-----Original Message-----
From: Jim Cunning
Sent: Wednesday, July 09, 2003 11:04 AM
To: Multiple recipients of list
Subject: [SWISH-E] EncodeProperty breaks swishdocpaths with multiple
spaces
Hello,
I am trying to index (with swish-e 2.2.3) a number of files that have multiple consecutive spaces in their names. EncodeProperty() replaces multiple spaces with just one, so that the value of "swishdocpath" in the index is incorrect. For example, the following test debug output from '-T REGEX PROPERTIES':
Indexing Data Source: "External-Program"
Indexing "./rfc-index.pl"
FStest/Vantedge Pegasus Release FS.doc
Original String: 'FStest/Vantedge Pegasus Release FS.doc'
replace FStest/Vantedge Pegasus Release FS.doc =~ m[^[^/]+][]: Matched
Result String: '/Vantedge Pegasus Release FS.doc'
- Using TXT parser -
Original String: 'FStest/Vantedge Pegasus Release FS.doc'
replace FStest/Vantedge Pegasus Release FS.doc =~ m[^([^/]+)/.*$][$1]: Matched
Result String: 'FStest'
(6199 words)
swishdocpath: 6 ( 32) S: "/Vantedge Pegasus Release FS.doc"
swishdocsize: 8 ( 4) N: "0000000091483"
swishlastmodified: 9 ( 4) D: "2003-07-09 09:12:22"
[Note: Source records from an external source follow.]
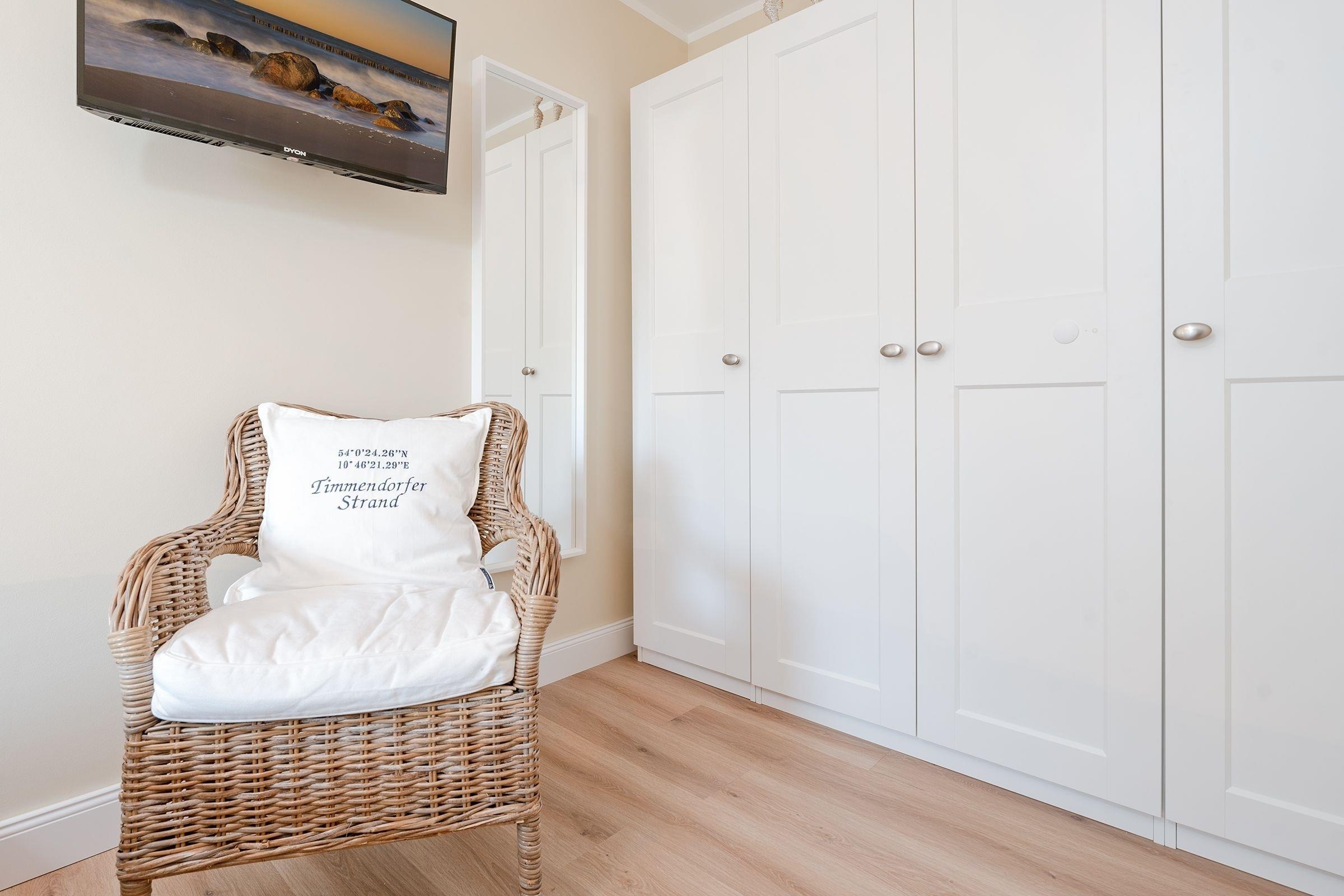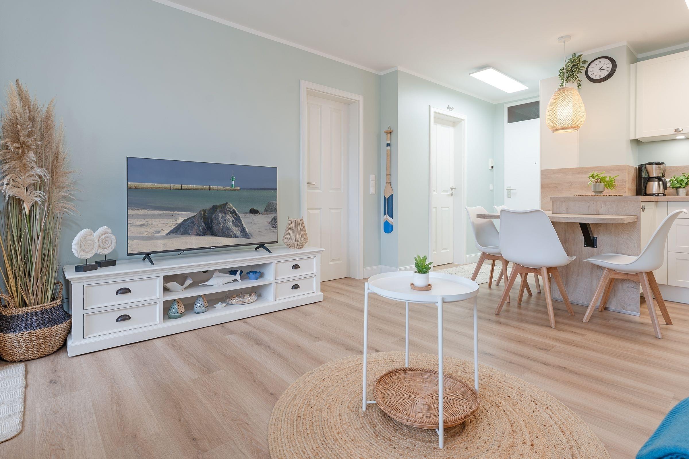 Beim Betreten dieser gemütlichen Ferienwohnung gelangen Sie direkt in den offenen Wohnbereich. Das Wohnzimmer bietet einen bequemen TV-Bereich mit Zugang zu Streaming-Diensten wie Netflix und Amazon Prime (eigene Accounts erforderlich), ideal für entspannte Abende nach einem Tag am Meer. Für die Nacht lässt sich das Schlafsofa in einen bequemen Schlafplatz umwandeln (120x200 cm). Der angrenzende Balkon ist nach Osten ausgerichtet und bietet den idealen Ort für ein Frühstück in der Morgensonne. Ein Grillplatz steht im Gemeinschaftsgarten ebenfalls zur Verfügung, falls Sie den Tag mit einem Barbecue ausklingen lassen möchten. In der integrierten Küche mit Induktionsherd, Kühl-Gefrier-Kombination und Kaffeemaschine finden Sie alles, um sich kulinarisch zu verwöhnen. Das Hauptschlafzimmer verspricht mit einem komfortablen Boxspringbett (160x200 cm) kuschelige Nächte. Im modernen Badezimmer mit komfortabler Handtuchheizung starten Sie erfrischt in Ihre Urlaubstage. Als weiteres Highlight steht Ihnen im Nachbarhaus eine Gemeinschaftssauna (Münzbetrieb) zur Verfügung.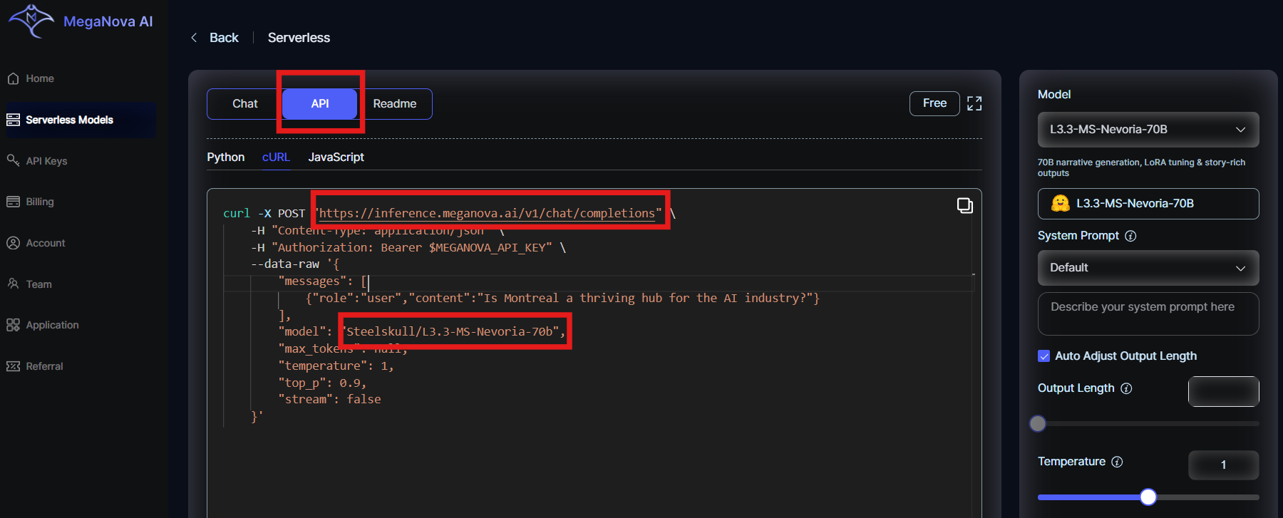 https://inference.meganova.ai/v1/chat/completions - Model Name: Use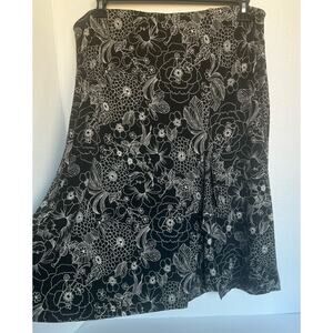 Merona Black and White Floral Ruffle Front Slit Skirt Size XL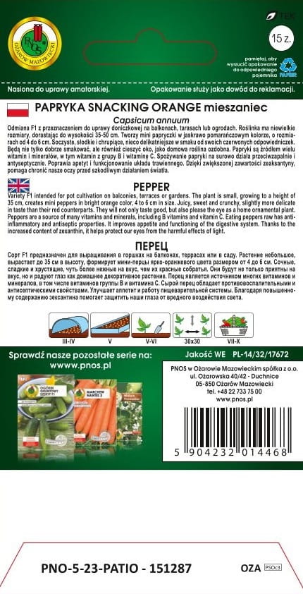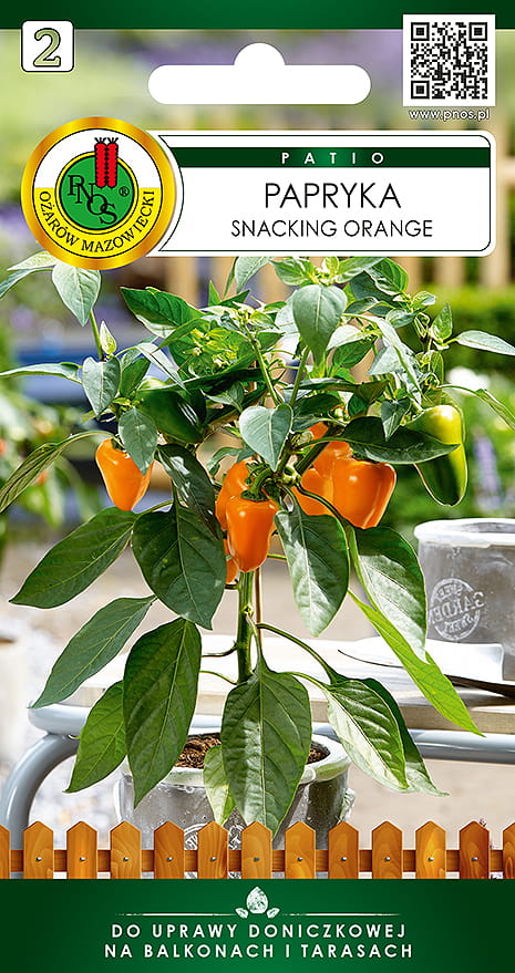 Odmiana F1, idealna do uprawy doniczkowej na balkonach, tarasach lub ogrodach. Roślinka ma niewielkie rozmiary, gdyż dorasta do wysokości 35-50cm. Tworzy mini papryczki w jaskrawo pomarańczowym kolorze o wielkości od 4 do 6cm. Soczyste, słodkie i chrupiące, nieco delikatniejsze w smaku od swoich czerwonych odpowiedniczek. Będą nie tylko dobrze smakować, ale również cieszyć oko jako domowa roślina ozdobna.

category:10 ( 6) S: "FStest"
Removing very common words...
no words removed.
Writing main index...
I suspect the "if" statement at line 731 in docprop.c is incorrect:
if ( (int)((unsigned char)*source) <= (int)' ' )
really should be:
if ( (int)((unsigned char)*source) < (int)' ' )
Comments anyone?
Jim Cunning
----------------------------------
As a follow-up to my original post, I made the change suggested above to docprop.c, rebuilt and reindexed my document tree. Things worked fine, so far as my application is concerned, but I am not certain whether the change broke things for other people and applications.
At least I'm past my original stumbling block.
Jim
Received on Wed Jul 9 19:01:57 2003